EXERCISE PROMPT
Could you return every record below word for word, leaving out the pictures?

DATA RECORDS

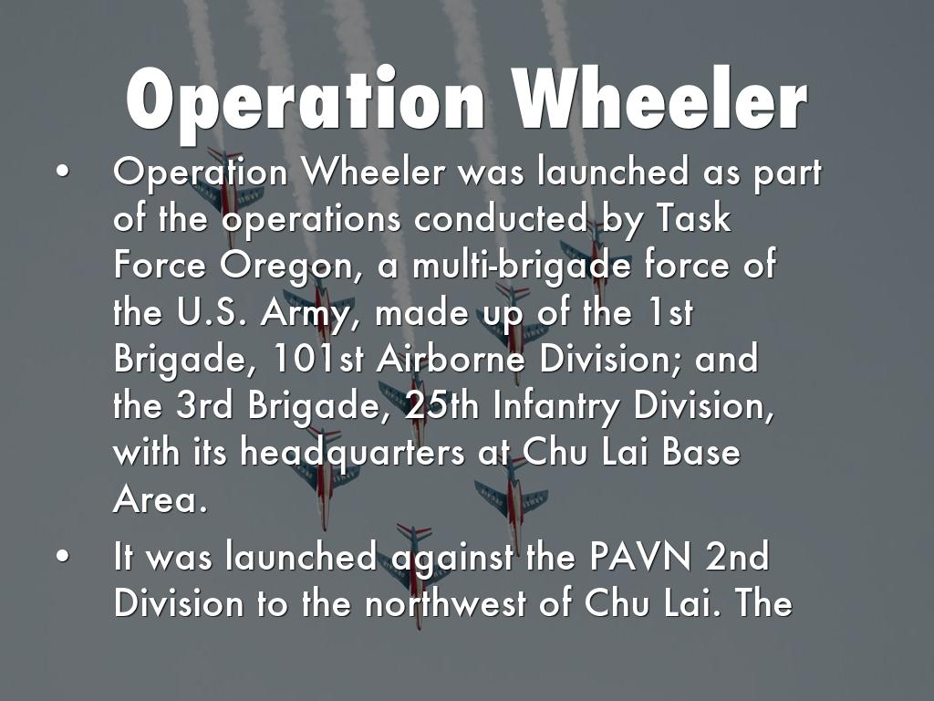 Operation Wheeler was launched as part of the operations conducted by Task Force Oregon, a multi-brigade force of the U.S. Army, made up of the 1st Brigade, 101st Airborne Division; and the 3rd Brigade, 25th Infantry Division, with its headquarters at Chu Lai Base Area.
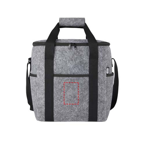 Grote koeltas van hoogwaardig zacht en duurzaam GRS-gecertificeerd gerecycled vilt. Beschikt over een groot hoofdvak (zes flessen van 1,5 liter) bekleed met voedselveilige en extra dikke thermische PEVA-isolatie met hoge dichtheid die dranken en versnaperingen urenlang koud houdt. Ritssluiting boven, voorvak en twee zijvakken voor extra opbergruimte. Verstelbare lange geweven schouderbanden van katoen (55 x 3,8 cm) en 2 geweven handgrepen van katoen (25 x 3,8 cm) met klittenbandsluiting bovenaan. Gemakkelijk schoon te maken. Capaciteit: 21 liter.
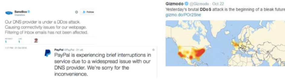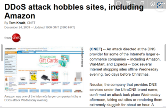 ▪ UltraDNS: Amazon, Walmart, Expedia와 같은 많은 주요 전자 상거래 회사를 위한 DNS 공급자. 2004년에 이 공급자에 대한 DOS가 시작되어 한 시간 동안 중단되었습니다.
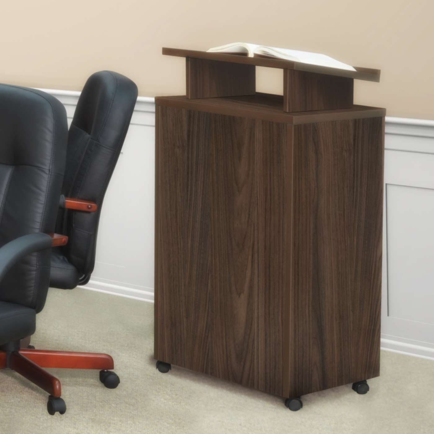 - Freestanding lectern moves on casters and can be placed anywhere in any room
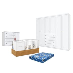 Quarto de Bebê Americano 6 Portas com Berço Americano Multifuncional Formare Branco Freijó - Matic com Colchão TendTudo.
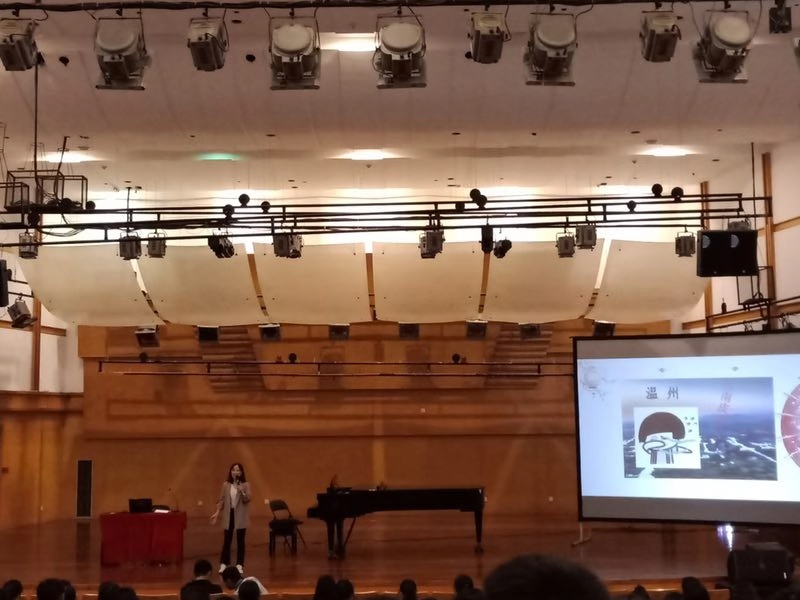 钟芳芳老师给大一新生带来了一场题为《透过音乐发现温州的美》的讲座。她以学姐的口吻,用简朴幽默的语言,讲述了她来温大一年的感触和心理变化;借当代温籍作曲家金承志的两个有趣的合唱作品,一定要找到自己喜欢的事情,并坚持自己的理想。最后在温州话版《喜欢你》的歌声中,钟老师告诫新生要“爱温大、做自己"。

ANSWER SECTION
 Operation Wheeler was launched as part of the operations conducted by Task Force Oregon, a multi-brigade force of the U.S. Army, made up of the 1st Brigade, 101st Airborne Division; and the 3rd Brigade, 25th Infantry Division, with its headquarters at Chu Lai Base Area.
 Grote koeltas van hoogwaardig zacht en duurzaam GRS-gecertificeerd gerecycled vilt. Beschikt over een groot hoofdvak (zes flessen van 1,5 liter) bekleed met voedselveilige en extra dikke thermische PEVA-isolatie met hoge dichtheid die dranken en versnaperingen urenlang koud houdt. Ritssluiting boven, voorvak en twee zijvakken voor extra opbergruimte. Verstelbare lange geweven schouderbanden van katoen (55 x 3,8 cm) en 2 geweven handgrepen van katoen (25 x 3,8 cm) met klittenbandsluiting bovenaan. Gemakkelijk schoon te maken. Capaciteit: 21 liter.
 ▪ UltraDNS: Amazon, Walmart, Expedia와 같은 많은 주요 전자 상거래 회사를 위한 DNS 공급자. 2004년에 이 공급자에 대한 DOS가 시작되어 한 시간 동안 중단되었습니다.
 - Freestanding lectern moves on casters and can be placed anywhere in any room
 Quarto de Bebê Americano 6 Portas com Berço Americano Multifuncional Formare Branco Freijó - Matic com Colchão TendTudo.
 钟芳芳老师给大一新生带来了一场题为《透过音乐发现温州的美》的讲座。她以学姐的口吻,用简朴幽默的语言,讲述了她来温大一年的感触和心理变化;借当代温籍作曲家金承志的两个有趣的合唱作品,一定要找到自己喜欢的事情,并坚持自己的理想。最后在温州话版《喜欢你》的歌声中,钟老师告诫新生要“爱温大、做自己"。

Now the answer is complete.